This is Roald Tweet on Rock Island.

Landscape painters who sketch mountains and lakes have it easy. Their subjects fit so neatly into a well-proportioned frame of canvas.

In contrast, consider those painters who find their souls gripped by the Mississippi River. Their subject is a mile or two wide at the most, while its length, give or take a bend or two, is 2,500 miles. Such a subject requires a bit of American ingenuity.

And ingenuity it found aplenty in the 1840s in a teenager from New York, John Banvard. While working at St. Louis, Banvard made a trip out onto the Mississippi in a tiny skiff and was overwhelmed.

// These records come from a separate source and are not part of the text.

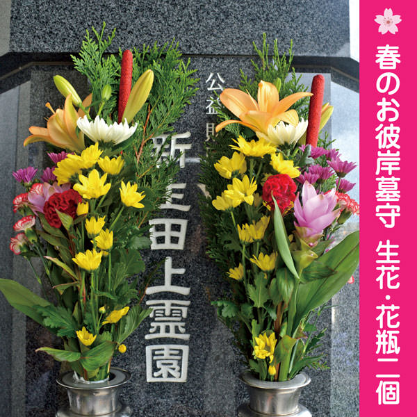 春のお彼岸 生花(花瓶1対/外墓地向け) ¥5,500 (税込)
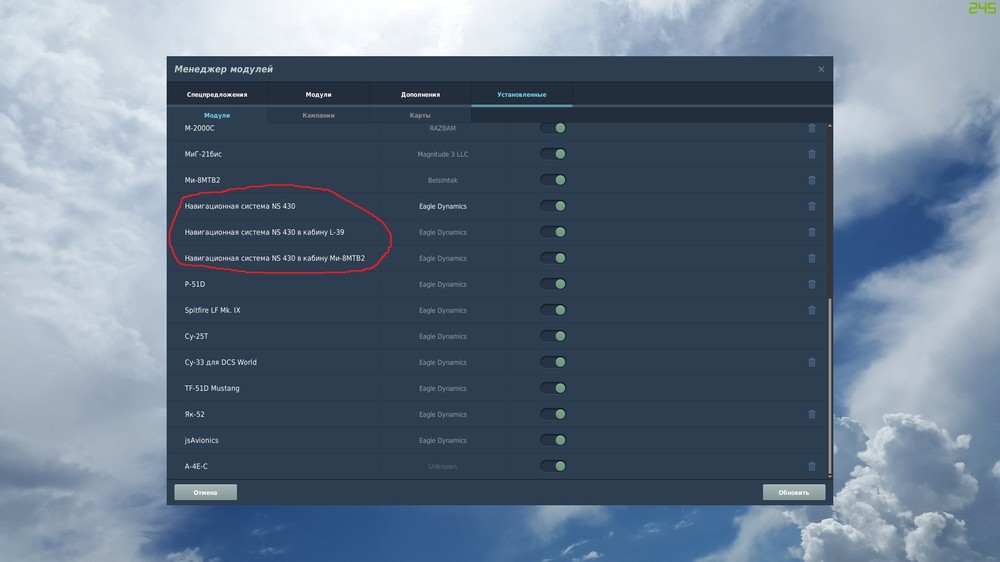 22.03.2020г купил в Стиме комплект Навигационная система NS 430 + NS 430 в кабину Ми-8МТВ2 + NS 430 в кабину L-39С. Все модули были успешно привязаны к аккаунту DCS (играю не через Стим). Пару недель не заходил в игру. На днях запустил игру, а при входе вылезло сообщение об отсутствии активации NS 430 для кабин Ми-8МТВ2 и L-39С. Удалил эти модули через менеджер модулей для переустановки. Заново установился только модуль Навигационная система NS 430. В Стиме в разделе DCL для DCS теперь доступен только модуль Навигационная система NS 430. В моем аккаунте DCS данные только об активации модуля Навигационная система NS 430.
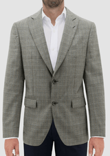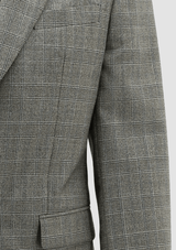 Slim fit / Side vents in the back / Flap pockets / Ticket chest pocket / Peak lapel / Single breasted front with 2 button closure / 4 buttons on sleeves
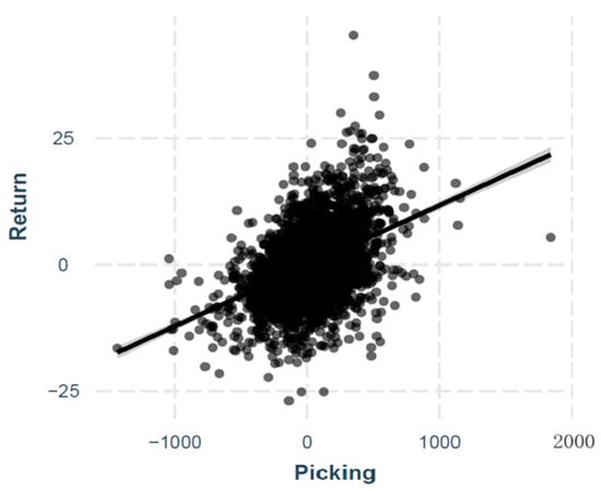 Another critical ability required for mutual fund managers to outperform passive investment benchmarks is stock picking [41]. Stocks selected by high-performing mutual fund managers can serve as valuable investment signals for other investors [42]. Corporate governance practices of target firms may play a significant role in managers’ ability to pick the right stocks. Moreover, firms that are frequently selected by funds tend to develop into acquirer firms [43]. The level of outperformance exhibited by a fund can indicate the persistence of its superior stock picking ability [44]. In the Chinese IPO market, the unobservable variable of mutual fund managers’ expectations shows a correlation with significant returns. The picking ability of managers can be influenced by fund and market characteristics [45], with mutual funds being more inclined to allocate investments to pure-play firms rather than conglomerates [46]. Interestingly, fund managers who start their careers during a recession may exhibit more conservative behavior by picking defensive stocks over cyclical stocks [47].

He resolved in that moment, he said, to become an artist and paint the largest painting in the world as a tribute to the Father of Waters. With no prior instruction or practice in painting, he set out in 1841 to make sketches of the river, knowing only, he wrote, that his painting "should be superior to all others, in point of size, as the Mississippi is superior to the streamlets of Europe."

By 1846, Banvard had painted the Mississippi from St. Louis to New Orleans in a canvas twelve feet high and, by his own account, three miles long. It was exhibited by unrolling it from one scroll to another to the accompaniment of a travelogue pointing out the passing scenes to seated audiences.

The huge success of Banvard's Mississippi Panorama in both America and Europe led to competition. John Rowson Smith soon exhibited a Leviathan Panorama of the entire Mississippi from the Falls of St. Anthony to New Orleans in what he claimed was four miles of canvas. At least three other competitors followed with even greater claims.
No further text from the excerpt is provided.